While I care about the refugees, I also care about being wise and shrewd. I care about being good stewards of what God has provided for us. I care about helping people right. I care about empowering people and not reducing them to helpless victims of their circumstances while making myself out to be some kind of savior. And as a result of caring about doing it right, I think it is right to go slow. My old boss used to often say, “sometimes you have to go slow to go fast,” and this, I believe, is one such situation.

What if we allowed anyone in? What if we let them in under some pretense of it being the Christian thing to do and in this effort, we bring the very violence they are attempting to escape to our own land. What then for all those who wish to escape to safety within our borders? What if we are importing something different and that negates any chances we had at helping anyone?

Sure, I wish this wasn’t a question that needed to be asked, but it is! We need to ask who is coming. We need to ask where they are going when they get here. We need to ask what supports are in place and how many can the systems handle.

So let’s pause for a moment, lay down our arms and learn from a continent who has gone before us… Europe.

Europe has had a very open border, a wide-open-arms acceptance policy on refugees. Germany alone accepted 100,000 in one year. Sweden, Greece, Italy… all took hoards of refugees. The numbers are astonishing and could leave an American feeling ashamed of her country.

Europe saw an influx of 90,000 unattended minors. Children refugees showing up on the shores of Greece and Italy with no parent or guardian by their side. Many more children, mostly age 11 and under, came with an adult. They were processed and vetted and received with asylum status. Some went to stay with relatives who already lived in the countries in which they sought asylum. Others just hoped for a better future, a job, a place to live. But what of the children? Certainly, Europe is praised for welcoming so many children!

But contiune reading about what is happening in Europe and the story looks much more grim. While receiving accolades for welcoming so many refugees, these nations did not have the infrastructure necessary to support them. The people welcomed into the nations of Europe ultimately received little support. But the children, were truly the most at risk, vulnerable, and hurt by the lack of systems in place.

Europe has come forth with frightening reports of 10,000 missing children. Stories are shared of men who stole children to improve their chances of receiving asylum status, now living in Europe and having abandoned or sold the children because they have served their purpose. Unaccompanied children wandering the streets selling drugs or sex so they can buy food, or worse pay back the human transporters who profit  (up to €60,000 per person) from carrying refugees to the shores of Europe. The children themselves say they thought they would get schooling, be taken care of, but instead wish they had never come.

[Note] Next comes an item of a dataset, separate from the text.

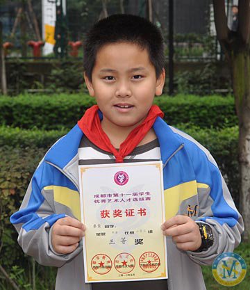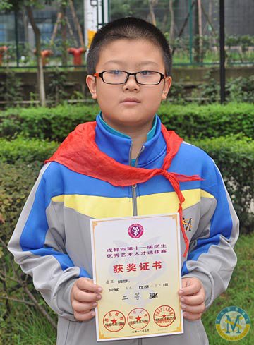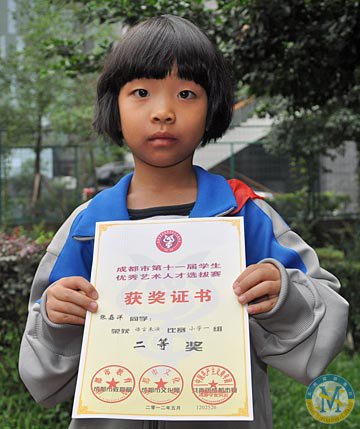 ▲ 張嘉洋同學-榮獲成都市第十一屆學生優秀藝術人才選拔賽語文表演比賽小學組二等獎

The refugee crisis is a crisis like no other. It is one that must be dealt with, both in addressing the present needs of homing and caring for children as well as adults, but also addressing the cause which has created this crisis-war. Yes, war must be dealt with and it’s no easy feat. And of course, in the meantime, we must be a haven of hope and care for these victims, the refugees, but we must have the infrastructure in place, the proper vetting systems in place so we don’t end up with a massive human trafficking and criminal problem. We as a country are no better positioned than Europe to handle these masses of refugees, but we must be. We must take the time, prepare our infrastructure, help those most in need and make sure that children are not left vulnerable to criminal activity, including by the human transporters who brought the children here in the first place, and now demand payment or servitude, often as sex slaves.

We need to be ready. We cannot haphazardly welcome any number of people here just to abandon them and hope for the best. That is not good strategy, not good policy, truly unChristian.

Perhaps, as we slow down, we can try to understand each other’s perspectives, get on the same page, work together and have the systems in place to really serve those vulnerable individuals who land no our shores in need of help. That’s the Christian response.